175 000 Erstimplantationen wurden im Jahr 2009 am Kniegelenk vorgenommen. Foto: mauritius images
175 000 Erstimplantationen wurden im Jahr 2009 am Kniegelenk vorgenommen. Foto: mauritius images

Aufgrund der ständig wachsenden Zahl von Erstimplantationen und der längeren Lebenserwartung der Patienten steigt auch die Zahl der Revisionsoperationen (4). Seit 2003 nahm die Zahl der Implantationen von Hüftgelenk-TEP um 18 Prozent und der von Knie-TEP um 52 Prozent zu. Damit einhergehend erhöhte sich die Zahl der Revisionseingriffe um 43 Prozent bei Hüftgelenk-TEP und um 117 Prozent bei Knie-TEP (5). Die überproportionale Zunahme von Revisionsoperationen verdeutlicht das Problem der Standzeiten von Gelenk-TEP, das trotz ständiger Optimierung der Operationstechnik und der Weiterentwicklung der Implantate noch nicht gelöst ist.

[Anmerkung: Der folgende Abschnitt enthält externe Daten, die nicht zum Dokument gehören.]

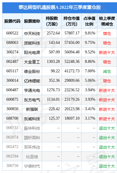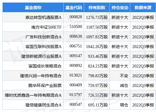 根據2022Q3季報公募基金重倉股數據,重倉該股的公募基金共244家,其中持有數量最多的公募基金為泰達轉型機遇股票A。泰達轉型機遇股票A目前規模為50.23億元,最新凈值2.383(12月23日),較上一交易日下跌2.26%,近一年下跌32.4%。該公募基金現任基金經理為王鵬。王鵬在任的基金產品包括:泰達高研發6個月持有混合A,管理時間為2020年12月28日至今,期間收益率為10.95%;泰達宏利成長混合,管理時間為2020年12月28日至今,期間收益率為6.39%;泰達宏利新興景氣龍頭混合A,管理時間為2021年10月25日至今,期間收益率為-36.42%。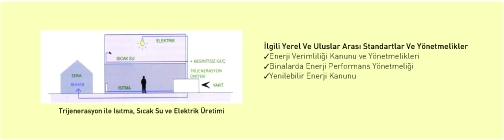 Öneri Standart: Eğer yörede jeotermal enerji kaynakları, etkili güneş ışınları ve ısı pompası uygulamaları yoksa veya uygun değilse, toplu konut hane sayısı, toplam ısınma, sıcak su ve elektrik ihtiyacı göz önüne alınarak bir kojenerasyon tesisi kurulması zorunlu ve öncelikli olmalıdır. Kojenerasyon yasası ve teşvikler acilen çıkarılmalı ve desteklenmelidir.

Oft Austausch bereits nach zwei Jahren

Bis in die 80er Jahre des vorigen Jahrhunderts wurde dem tribologischen Verhalten von Implantatkomponenten weniger Aufmerksamkeit geschenkt als deren mechanischen Eigenschaften und ihrer Verschleißfestigkeit (6). Implantate, deren Standzeit, das ist der Zeitraum zwischen Erstimplantation und Austausch des Implantats, 15 Jahre und mehr betragen sollte, entsprechen vielfach nicht den Herstellerangaben und müssen unerwartet häufig vorzeitig ausgewechselt werden.

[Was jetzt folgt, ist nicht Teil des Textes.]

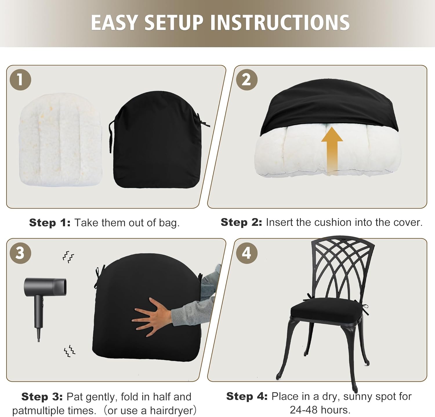 Elevate your outdoor seating with Ottowood Rounded Corner Patio Chair Cushions, thoughtfully designed to bring comfort and elegance to your patio chairs, lawn furniture, or outdoor dining sets. These 19" x 19" cushions with soft rounded back corners are a versatile choice for refreshing the look and feel of your outside seating area. Each cushion is generously filled with 28D high-density shredded memory foam that offers lasting support and relieves pressure from your lower back and hips—making these pads ideal for hours of relaxed dining or lounging on the patio. Whether you're hosting a weekend BBQ or enjoying a quiet morning coffee, Ottowood cushions enhance every moment outdoors. Made with 250g waterproof polyester fabric, these seat replacement cushions are built to handle the elements—resisting light rain, splashes, and fading from extended sun exposure. The elegant design pairs beautifully with wicker furniture, wooden patio chairs, and deck dining sets. Equipped with secure tie-down straps, each cushion stays neatly in place even on slick or uneven surfaces. The removable covers are machine-washable, making cleanup simple and effortless. Available in 2-pack and 4-pack configuration and timeless shades like sage green, navy, and cream, Ottowood rounded corner cushions are a practical upgrade for any outdoor furniture set—perfect for lawn chairs, outdoor sofa pads, or patio dining seat replacements.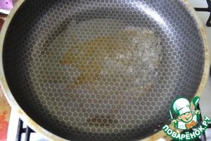 В сковороду налить масло и добавить сахар. Дождаться пока сахар растворится и смесь потемнеет.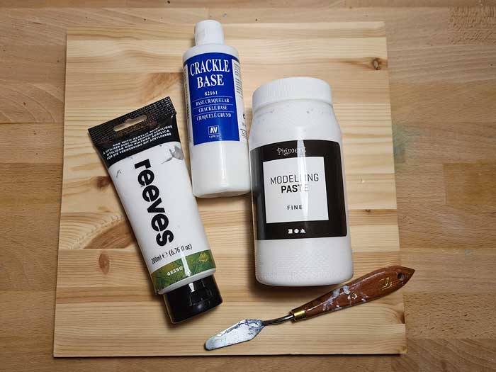 (I did not use the crackle base after all, only the modeling paste and gesso)

Bei 3,3 Prozent der Hüft- und 6,5 Prozent der Knie-TEP war bereits zwei Jahre nach der Erstimplantation ein Wechseleingriff fällig (7). In einer Untersuchung an 439 Patienten wurden Revisionseingriffe (8) am häufigsten aufgrund einer aseptischen Implantatlockerung (55 Prozent) notwendig. Als weitere Gründe wurden eine aseptische Lockerung bei 14 Prozent, Osteolyse (bei gut fixiertem Implantat) bei 13 Prozent, Infektion bei sieben Prozent, periprothetische Fraktur bei fünf Prozent und sonstige Gründe bei sechs Prozent angegeben. Die aseptische Lockerung (9) wird als Folge einer Reaktion auf Korrosionsprodukte und Abriebpartikel angesehen, die sowohl an artikulierenden Oberflächen als auch an Grenzflächen anderer Implantatkomponenten entstehen und in periimplantäre Gewebsstrukturen gelangen können (10). Die Immunantwort auf derartige Abnutzungsprodukte unterscheidet sich wesentlich von möglichen Reaktionen auf das ursprüngliche Ausgangsmaterial. Sie ist zunächst durch eine lokale Immunreaktion gekennzeichnet. Die Immunreaktivität ist von der Größe und der Menge der phagozytierbaren Partikel in einem bestimmten Gewebevolumen abhängig (11, 12). Zellbarrieren bieten offenbar keinen Schutz vor den schädigenden Einflüssen von Nanopartikeln. Obwohl die Mechanismen noch nicht vollständig aufgeklärt sind, deutet vieles darauf hin, dass durch Vermittlung bestimmter Signalmoleküle, die unter dem Einfluss von Nanopartikeln aus Gewebsstrukturen freigesetzt werden, auch jenseits von Zellbarrieren Reaktionen ausgelöst werden können (1317).

Fortlaufende Kontrolle für eine prospektive Bewertung

Der Frage nach der Bedeutung allergischer Reaktionen auf Osteosynthesematerialien wird bereits seit längerem nachgegangen, wobei auch implantationsassoziierte Reaktionen wie Wundheilungsstörungen und Kontaktekzeme im Operationsbereich berücksichtigt wurden (18, 19). Die in den zahlreichen Publikationen der letzten Jahrzehnte veröffentlichten Daten geben die Ergebnisse von methodisch häufig uneinheitlich durchgeführten Untersuchungen an überwiegend kleinen Patientengruppen wieder. Entsprechend widersprüchlich sind die Ergebnisse und die darüber geführten Diskussionen. Eine wesentliche Rolle von „Implantatallergien“ bei dem Versagen von Gelenkendoprothesen konnte, auch mit Hilfe immer subtilerer und aufwendigerer Untersuchungsmethoden, bisher nicht eindeutig nachgewiesen werden. Das Risiko für eine allergiebedingte Komplikation liegt niedriger als das ohnehin relativ geringe Risiko einer infektionsbedingten Komplikation (20). Es bleibt zu klären, ob Untersuchungen mit standardisierten Verfahren an ausreichend großen, vergleichbaren Patientengruppen zu aussagekräftigen Ergebnissen führen.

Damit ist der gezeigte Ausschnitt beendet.